Your instructions
First find the line with "لقطة تذكارية بمناسبة الافتتاح" in the entries below, then set down exactly every line through the line with "مضافة مقابل التكلفة.", that line included.

Recorded data
• • • • •
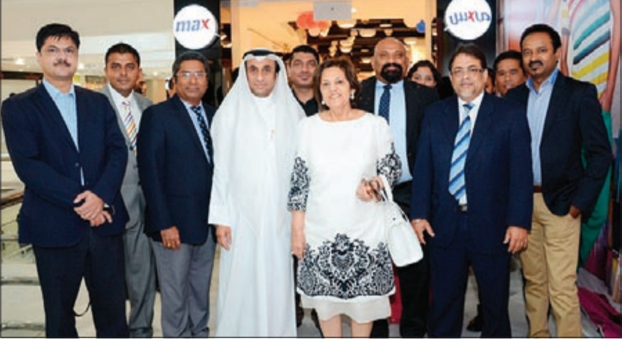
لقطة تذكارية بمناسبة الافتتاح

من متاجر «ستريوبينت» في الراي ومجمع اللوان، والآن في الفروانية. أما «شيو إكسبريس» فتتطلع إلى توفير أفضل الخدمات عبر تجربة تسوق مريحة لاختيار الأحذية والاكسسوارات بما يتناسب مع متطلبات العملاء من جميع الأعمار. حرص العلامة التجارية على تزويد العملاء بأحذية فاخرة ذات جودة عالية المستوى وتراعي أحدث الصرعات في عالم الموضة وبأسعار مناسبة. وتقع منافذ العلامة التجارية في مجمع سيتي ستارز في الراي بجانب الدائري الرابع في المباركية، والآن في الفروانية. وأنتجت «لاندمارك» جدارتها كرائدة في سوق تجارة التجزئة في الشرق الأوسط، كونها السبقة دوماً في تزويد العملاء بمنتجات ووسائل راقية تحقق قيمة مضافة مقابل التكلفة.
• • • • •
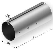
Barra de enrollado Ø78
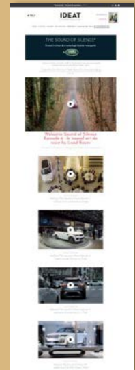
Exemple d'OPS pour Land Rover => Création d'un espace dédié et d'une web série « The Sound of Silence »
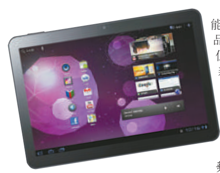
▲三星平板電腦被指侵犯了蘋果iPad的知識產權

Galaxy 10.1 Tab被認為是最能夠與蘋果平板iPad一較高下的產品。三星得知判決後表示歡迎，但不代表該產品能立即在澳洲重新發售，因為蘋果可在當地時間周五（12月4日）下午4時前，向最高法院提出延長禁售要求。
• • • • •
Answer box
لقطة تذكارية بمناسبة الافتتاح

من متاجر «ستريوبينت» في الراي ومجمع اللوان، والآن في الفروانية. أما «شيو إكسبريس» فتتطلع إلى توفير أفضل الخدمات عبر تجربة تسوق مريحة لاختيار الأحذية والاكسسوارات بما يتناسب مع متطلبات العملاء من جميع الأعمار. حرص العلامة التجارية على تزويد العملاء بأحذية فاخرة ذات جودة عالية المستوى وتراعي أحدث الصرعات في عالم الموضة وبأسعار مناسبة. وتقع منافذ العلامة التجارية في مجمع سيتي ستارز في الراي بجانب الدائري الرابع في المباركية، والآن في الفروانية. وأنتجت «لاندمارك» جدارتها كرائدة في سوق تجارة التجزئة في الشرق الأوسط، كونها السبقة دوماً في تزويد العملاء بمنتجات ووسائل راقية تحقق قيمة مضافة مقابل التكلفة.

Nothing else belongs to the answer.